* GIVEN DATA

>>>

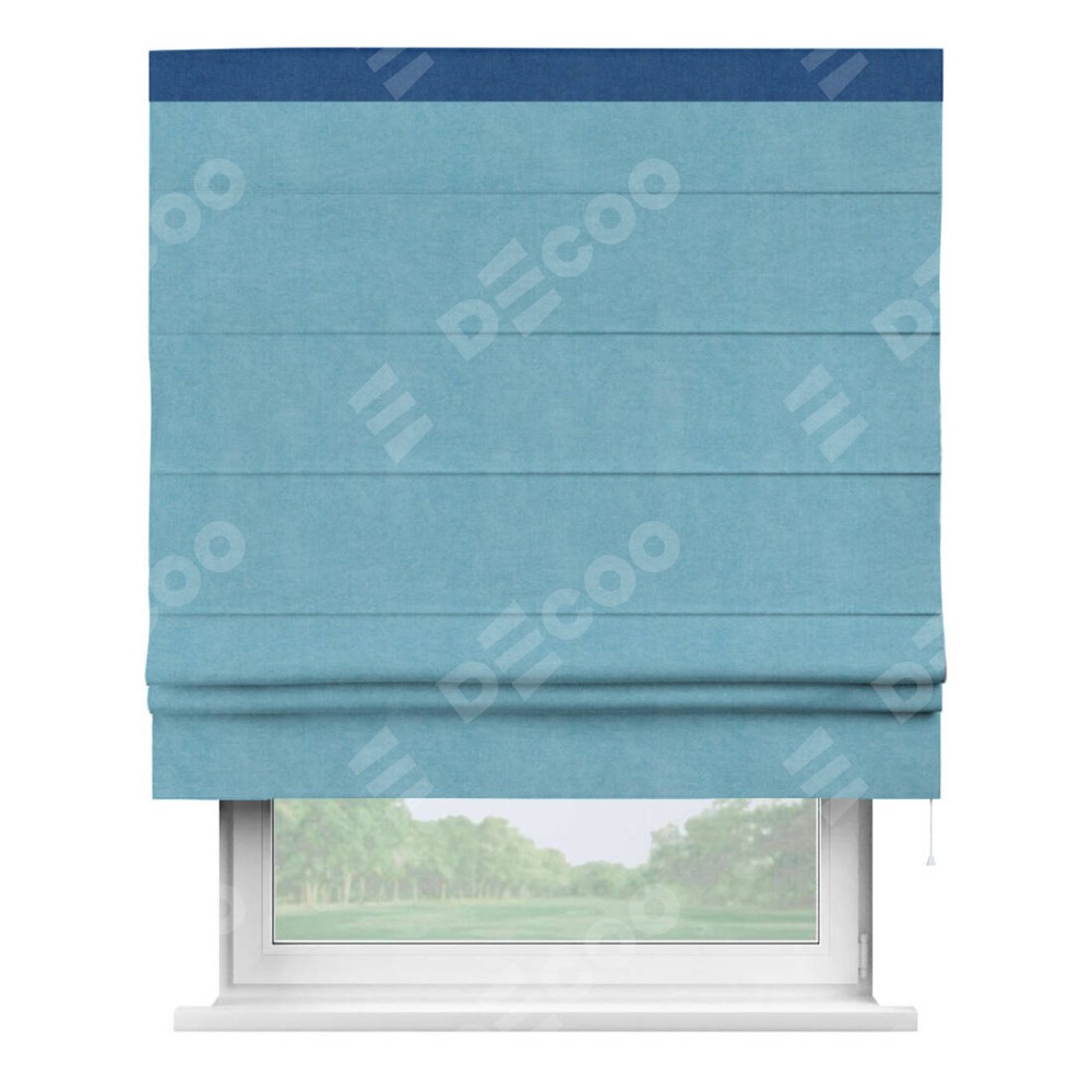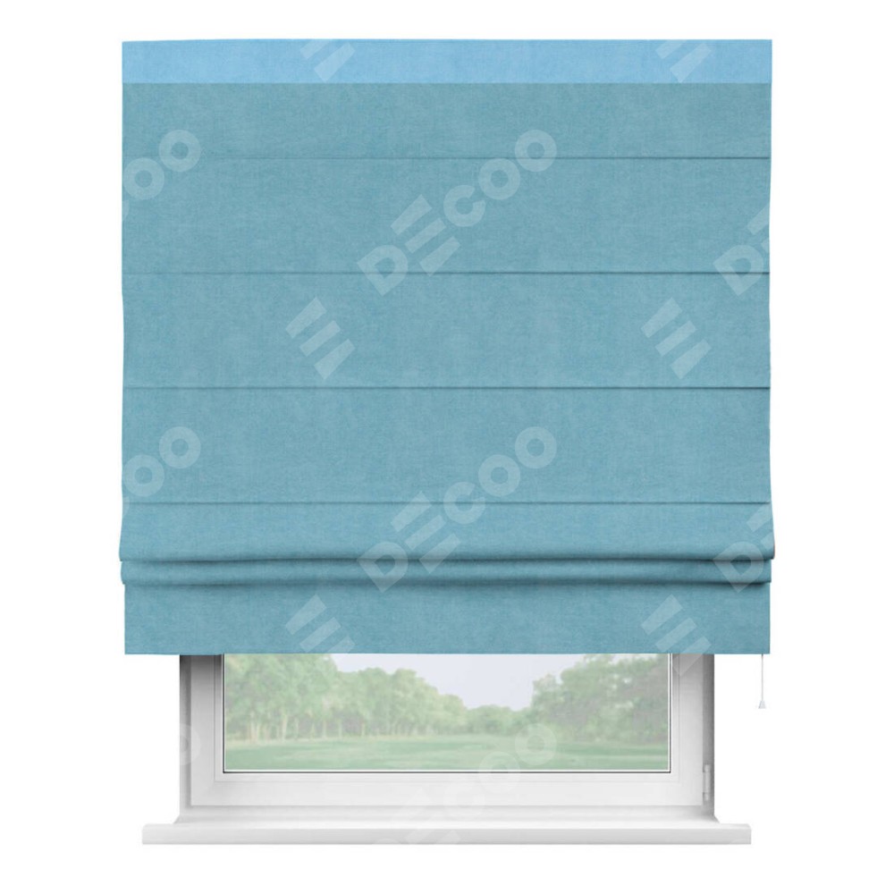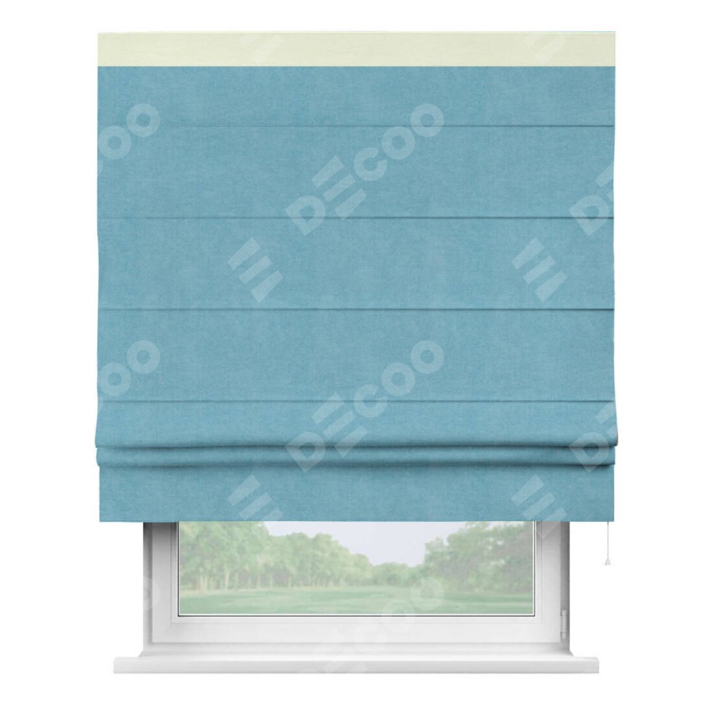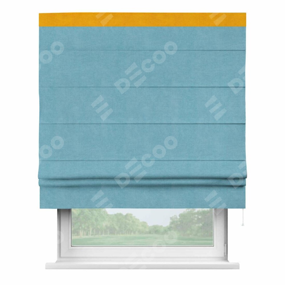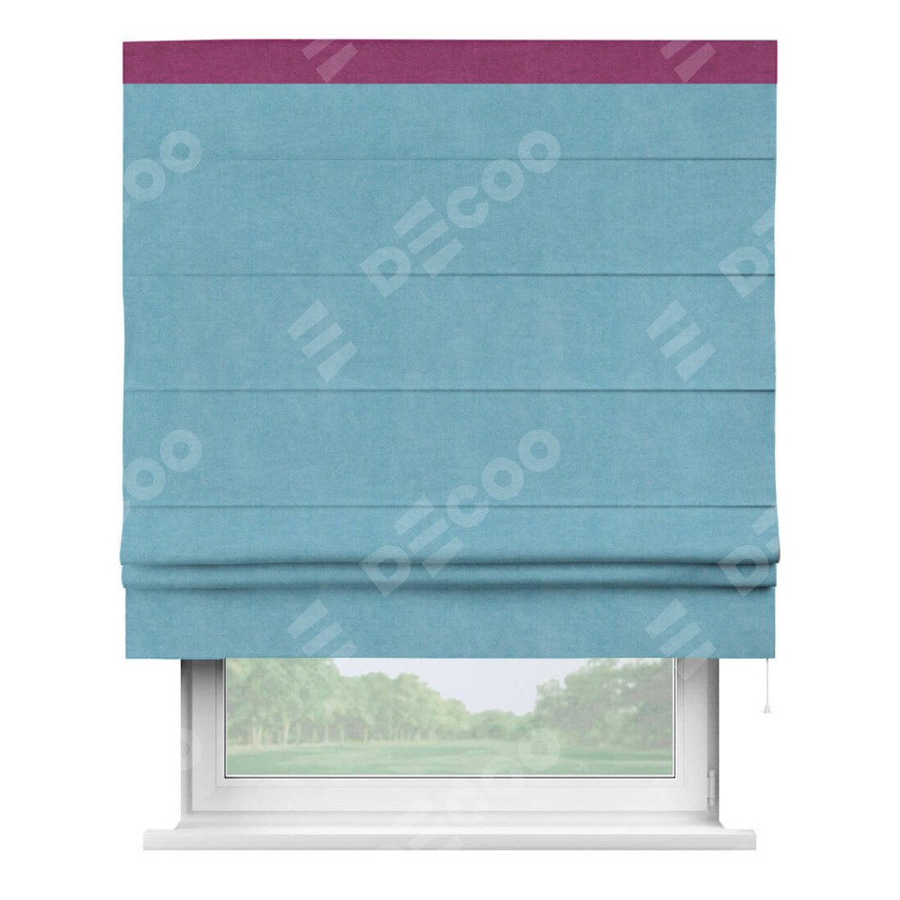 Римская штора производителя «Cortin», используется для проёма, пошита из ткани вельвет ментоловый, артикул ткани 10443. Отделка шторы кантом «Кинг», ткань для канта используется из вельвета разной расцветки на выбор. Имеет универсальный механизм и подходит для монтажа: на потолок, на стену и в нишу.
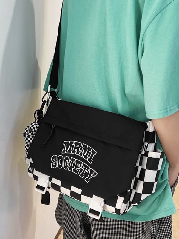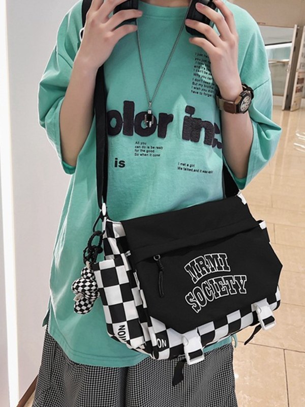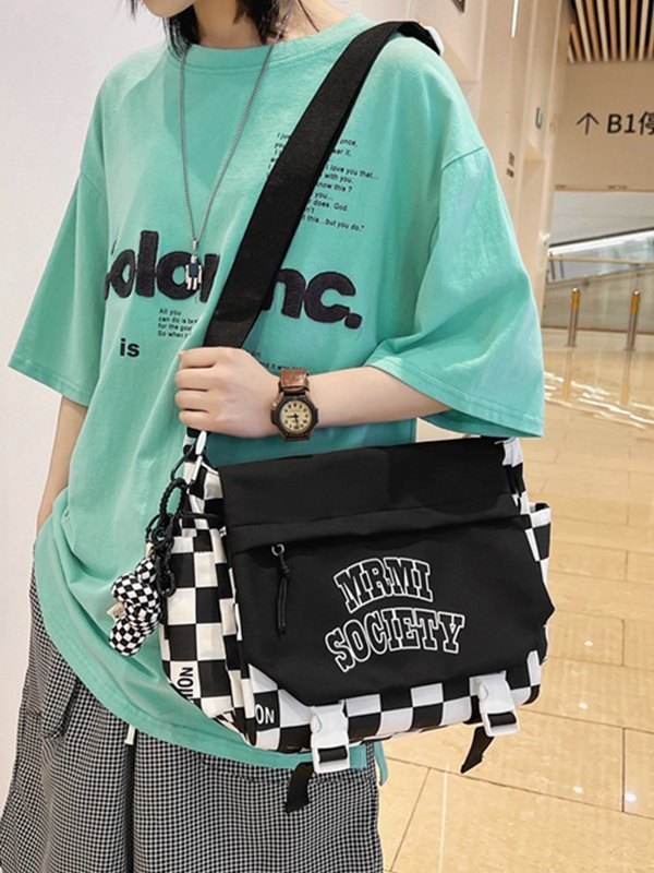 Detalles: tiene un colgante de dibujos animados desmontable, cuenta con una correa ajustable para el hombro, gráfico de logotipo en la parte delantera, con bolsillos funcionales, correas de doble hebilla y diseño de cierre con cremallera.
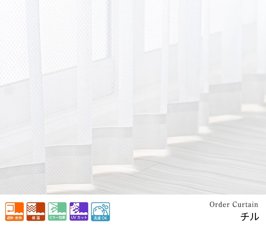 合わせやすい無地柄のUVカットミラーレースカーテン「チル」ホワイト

<<<

* EXERCISE INSTRUCTIONS
Reproduce the listing above exactly, without a single picture.

* WORKED SOLUTION
 Римская штора производителя «Cortin», используется для проёма, пошита из ткани вельвет ментоловый, артикул ткани 10443. Отделка шторы кантом «Кинг», ткань для канта используется из вельвета разной расцветки на выбор. Имеет универсальный механизм и подходит для монтажа: на потолок, на стену и в нишу.
 Detalles: tiene un colgante de dibujos animados desmontable, cuenta con una correa ajustable para el hombro, gráfico de logotipo en la parte delantera, con bolsillos funcionales, correas de doble hebilla y diseño de cierre con cremallera.
 合わせやすい無地柄のUVカットミラーレースカーテン「チル」ホワイト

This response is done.